* About this task *
Pictures are to be left out. Copy exactly, and only, the lines from the start of the entries below to the line with "- GOTHIC GOTH", both included.

* Listed entries *
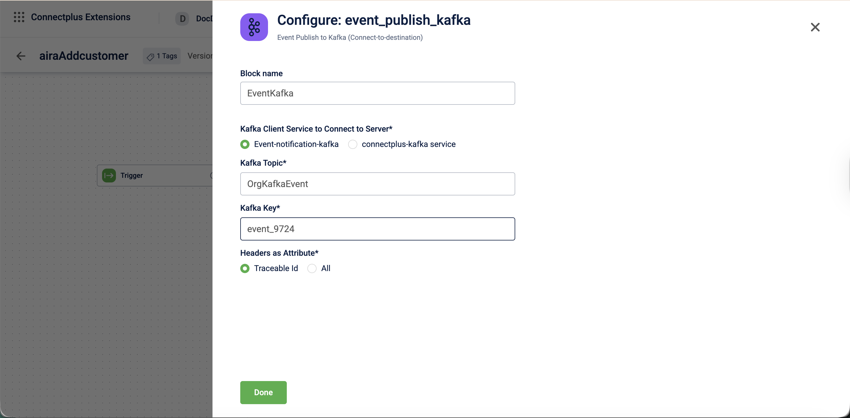 The event_publish_kafka block publishes event data to a Kafka topic as a destination block in a Connect+ dataflow. It connects to a specified Kafka service and writes data to a defined topic using a configured key. The block supports header attribute forwarding to enable traceability across downstream consumers.
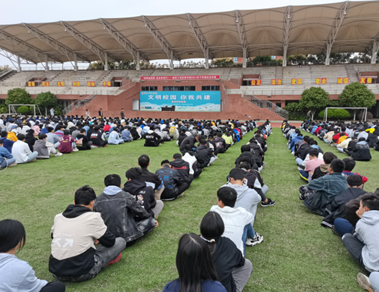 10月28日下午,万搏体育在运动场举行“法制进校园,安全伴我行”法治讲座活动,近5000名学生聆听了讲座。
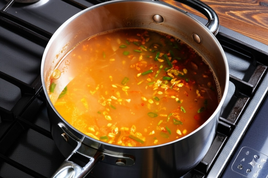 * 냄비에 물 또는 닭 육수를 붓고 멸치 다시마 팩을 넣어 끓여줍니다. 육수가 우러나면 다시마 팩은 건져냅니다. (닭 육수를 사용하면 더욱 깊은 맛을 낼 수 있습니다.)
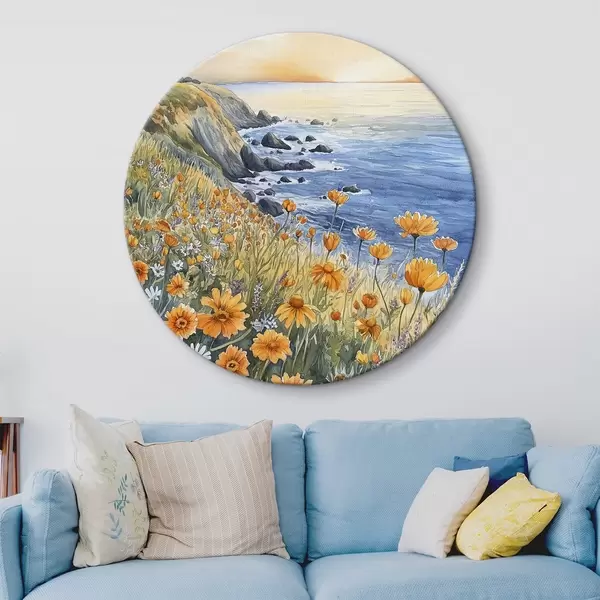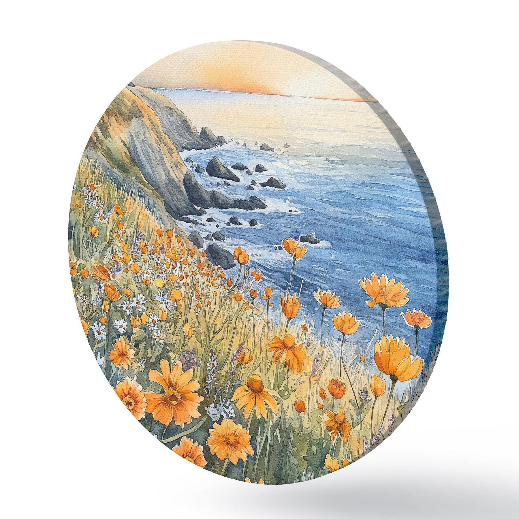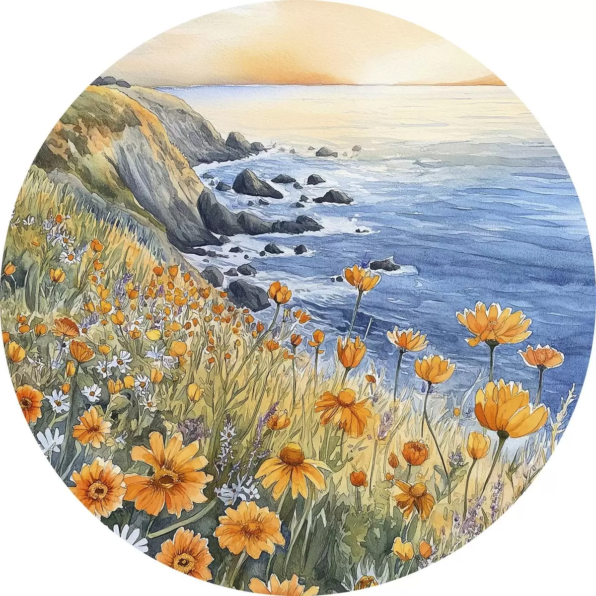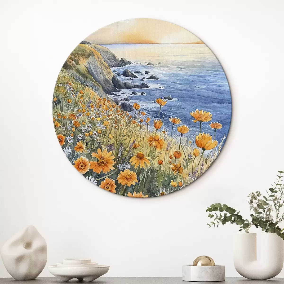 Ronde schilderijen Klif met oranje bloemen, oceaankust, Portugal, aquarelstijl r44604
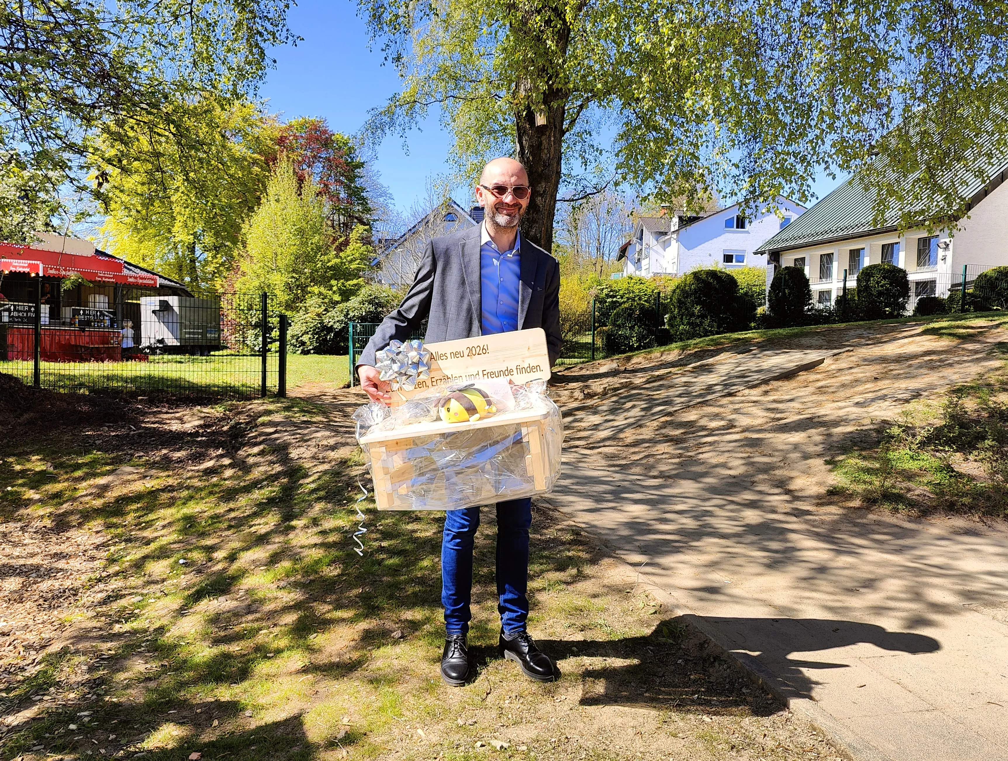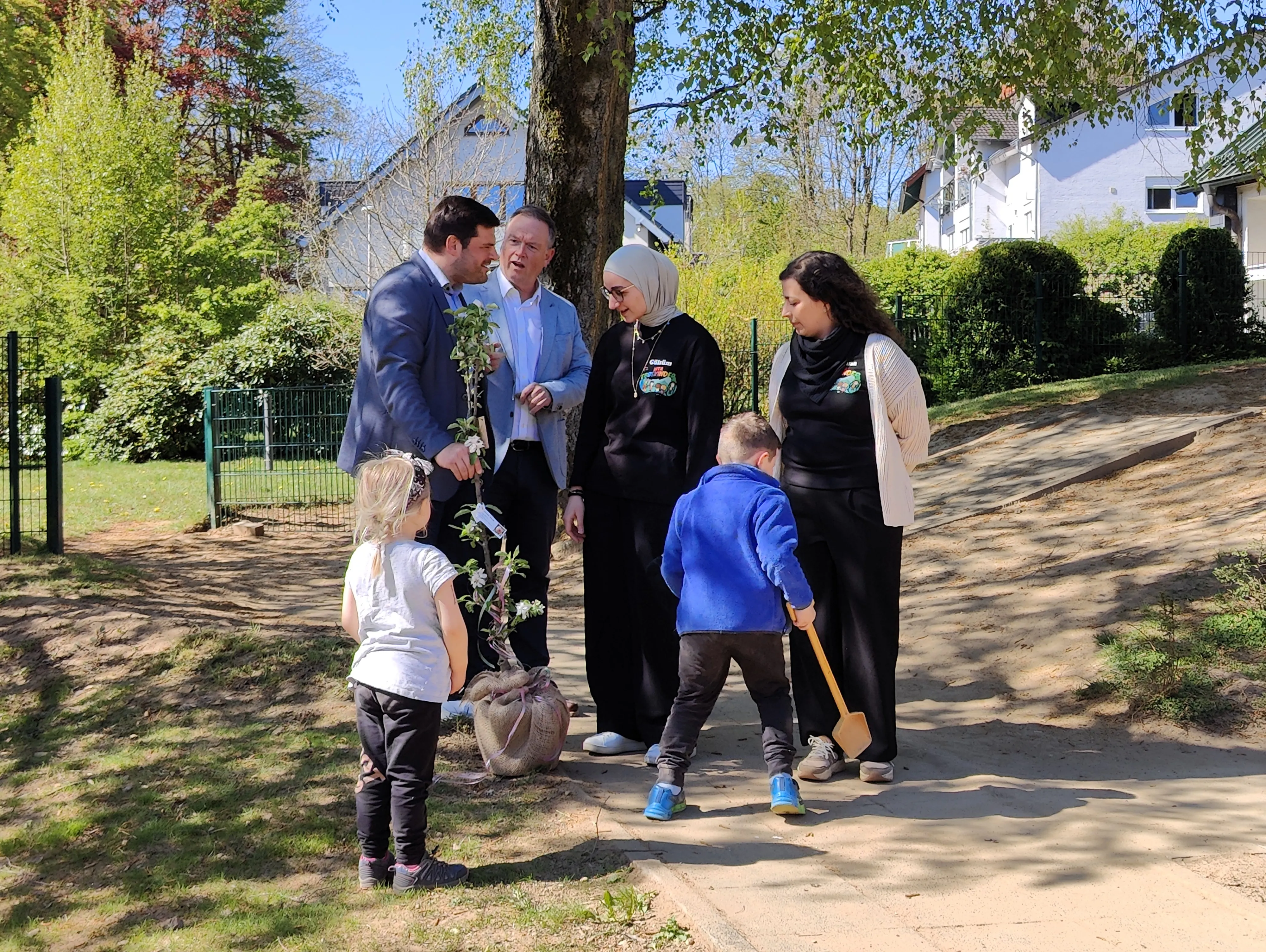 Die Kinder wurden im Vorfeld von den Erziehern befragt, was ihnen am Umbau besonders gefallen habe. Der wohl am häufigsten genannte Satz war: „dass der Bagger gebuddelt hat“ – ein absolutes Highlight. Gleichzeitig freuten sich die Kinder aber auch über die Fertigstellung der Bauarbeiten: „Die Bohrmaschinen waren so laut“, berichteten einige Kinder - und auch das Betreten der hauseigenen Turnhalle war zeitweise nicht möglich. Zur Einweihung gab es zudem ein Geschenk: Dr. Bastian Kühn überreichte im Namen der Meinerzhagener Baugesellschaft (MBG) einen Apfelbaum. „Der Baum steht für die Zukunft und das Wachstum der Kita", erklärte er.
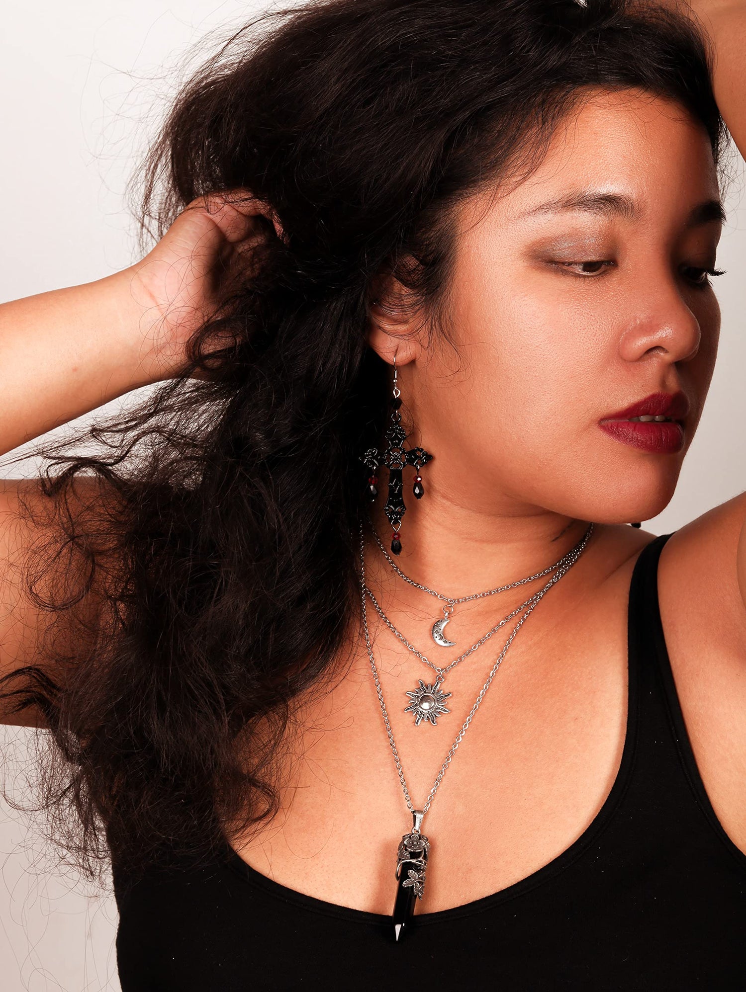 - GOTHIC GOTH GRUNGE LAYERED SUN MOON CRYSTAL NECKLACE:Our Goth Layered Sun Moon Crystal necklaces go with most everyday outfits and look great with boho and punk clothing and can be used as a Halloween or Valentine's Day costume.
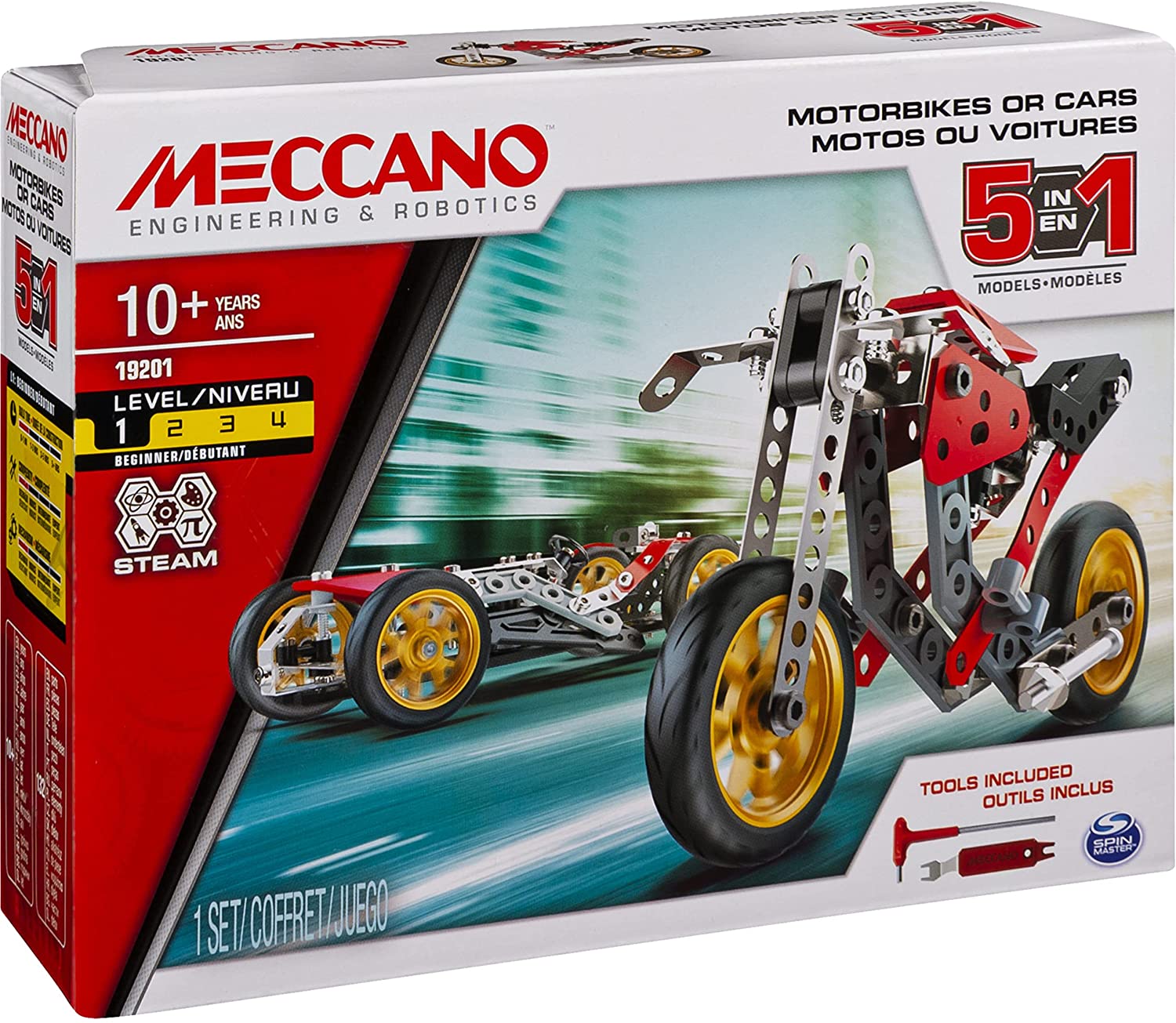 Meccano, Multimodello Moto 5 in 1, Kit di Costruzione S.T.E.A.M., dai 10 Anni – 6053371. Kit di costruzione, auto e moto, 5 modelli 3 auto e 2 moto da costruire con questo baule Meccano. 5 modelli diversi da costruire utilizzando le istruzioni di montaggio (lingua italiana non garantita). Un solo modello può essere costruito alla volta. Strumenti ergonomici per un comfort di costruzione e un montaggio preciso. Compatibile con tutte le parti metalliche Meccano. Usa la tua immaginazione per realizzare le tue creazioni! KIT DI COSTRUZIONE PER 5 MODELLI: con il kit di costruzione Moto Street Fighter 5 in 1 di Meccano, i ragazzini possono creare fino a 5 diversi modelli di moto o auto, come quelli illustrati nelle istruzioni o usare l’immaginazione per creare i propri COSTRUIRE CON VERI ATTREZZI: un’esperienza di costruzione autentica, grazie ai 2 pratici attrezzi, le ruote, veri dadi e bulloni di metallo resistente (tutto incluso) per realizzare 5 eleganti modelli di moto o auto, uno alla volta GIOCO STEAM: man mano che assemblano i modelli con questo kit di costruzione STEAM, i ragazzini impareranno come vengono applicati nella pratica i principi di scienza, tecnologia, ingegneria, arte e matematica Miglioreranno la coordinazione occhi-mano, le abilità di problem-solving e quelle motorie, mentre usano l’immaginazione Il kit di costruzione Multimodello Moto 5 in 1 di Meccano è un regalo perfetto per ragazzini dai 10 anni in su Ulteriori istruzioni di montaggio sono disponibili su Meccanocom Con Meccano, le costruzioni sono solo l’inizio Include: 132 pezzi, 2 attrezzi, 1 guida per l’uso per 3 modelli

* Task output *
 The event_publish_kafka block publishes event data to a Kafka topic as a destination block in a Connect+ dataflow. It connects to a specified Kafka service and writes data to a defined topic using a configured key. The block supports header attribute forwarding to enable traceability across downstream consumers.
 10月28日下午,万搏体育在运动场举行“法制进校园,安全伴我行”法治讲座活动,近5000名学生聆听了讲座。
 * 냄비에 물 또는 닭 육수를 붓고 멸치 다시마 팩을 넣어 끓여줍니다. 육수가 우러나면 다시마 팩은 건져냅니다. (닭 육수를 사용하면 더욱 깊은 맛을 낼 수 있습니다.)
 Ronde schilderijen Klif met oranje bloemen, oceaankust, Portugal, aquarelstijl r44604
 Die Kinder wurden im Vorfeld von den Erziehern befragt, was ihnen am Umbau besonders gefallen habe. Der wohl am häufigsten genannte Satz war: „dass der Bagger gebuddelt hat“ – ein absolutes Highlight. Gleichzeitig freuten sich die Kinder aber auch über die Fertigstellung der Bauarbeiten: „Die Bohrmaschinen waren so laut“, berichteten einige Kinder - und auch das Betreten der hauseigenen Turnhalle war zeitweise nicht möglich. Zur Einweihung gab es zudem ein Geschenk: Dr. Bastian Kühn überreichte im Namen der Meinerzhagener Baugesellschaft (MBG) einen Apfelbaum. „Der Baum steht für die Zukunft und das Wachstum der Kita", erklärte er.
 - GOTHIC GOTH GRUNGE LAYERED SUN MOON CRYSTAL NECKLACE:Our Goth Layered Sun Moon Crystal necklaces go with most everyday outfits and look great with boho and punk clothing and can be used as a Halloween or Valentine's Day costume.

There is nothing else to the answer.